Greg Ruth has been working in comics since 1993 and has published work for The New York Times, DC Comics, Fantagraphics Books, Dark Horse Comics, Harper Collins, Hyperion, Macmillan and Simon and Schuster amongst many others.
He has shown his paintings in New York, Houston, and Baltimore, and exhibited a series of murals at New York's Grand Central Terminal.
He has also helped craft music videos for Rob Thomas, and Prince, and has illustrated children's pictures books including; Our Enduring Spirit (with President Barack Obama), A Pirate's Guide to First Grade (with James Preller) and Red Kite, Blue Kite (with Ji Li Jiang), as well as many illustrated novels.
Greg currently lives and works in Western Massachusetts.
Thank you for telling about your journey to the Southwest. I live in Arizona, and your pictures are very familiar. I love that you are telling a story that you feel deeply about and which has real meaning; I'd like to see more of that in sequential art instead of yet another vampire/zombie tale, or post-apocalyptic fantasy.
Thanks Douglas. Me too- in fact it's one of the motivations for this project.. It is exactly the kind of thing that I want to see comics do more of- a meaningful adult story that is still entertaining without losing depth and purpose.

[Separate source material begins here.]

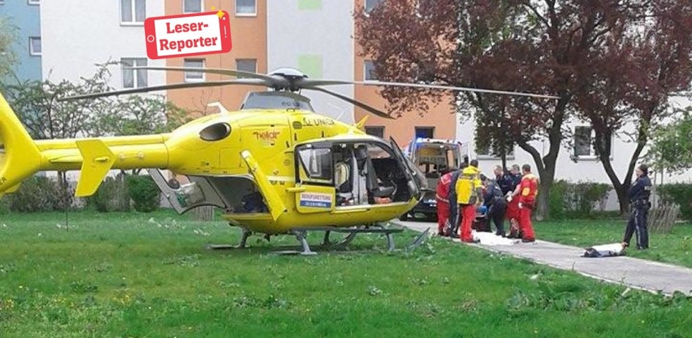 Ein Mann ist am Samstag Vormittag in seiner Wohnung in der Wiener Lindenbauergasse (11. Bezirk) zusammengebrochen. Feuerwehr und Polizei mussten laut Christian F. die Tür aufbrechen, um zum 42-Jährigen vorzudringen. Die Fotos des "Heute"-Lesers zeigen, wie der Patient mit dem Rettungshubschrauber des ÖAMTC in ein Spital gebracht wird.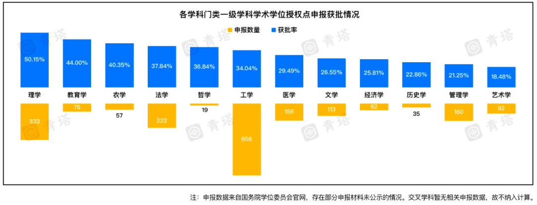 从学科门类来看,工学门类申报一级学科学术学位点数量最多,为658个;理学门类共申报333个,获批率为50.15%,是获批率最高的学科门类。

I think some of the ateas have grown back, but there's a lot of,local and subsistence farming so maybe not. The areas where there's the widest range of scrub and those crazy columns of stone, are pretty harsh. Dry and a constant wind makes it hard for anything to survive or gain purchase. You'll see whole miles of lamd with nothing higher than you knee as a reault of this.
Mikkion15 Types of CompositionYour unique style and boundless creativity are truly inspiring! Eagerly await your next work! waiting for your next article.
Thank you for telling about your journey to the Southwest. I live in Arizona, and your pictures are very familiar. I love that you are telling a story that you feel deeply about and which has real meaning; I'd like to see more of that in sequential art instead of yet another vampire/zombie tale, or post-apocalyptic fantasy.
Thanks Douglas. Me too- in fact it's one of the motivations for this project.. It is exactly the kind of thing that I want to see comics do more of- a meaningful adult story that is still entertaining without losing depth and purpose.
Awesome amounts of research, and they clearly pay off in those panels.
Is there more scrub in the Southwest today than there would have been 100 years ago due to generations of grazing?
I think some of the ateas have grown back, but there's a lot of,local and subsistence farming so maybe not. The areas where there's the widest range of scrub and those crazy columns of stone, are pretty harsh. Dry and a constant wind makes it hard for anything to survive or gain purchase. You'll see whole miles of lamd with nothing higher than you knee as a reault of this.
I don't have the words. What an epic journey and the perfect artist to follow it.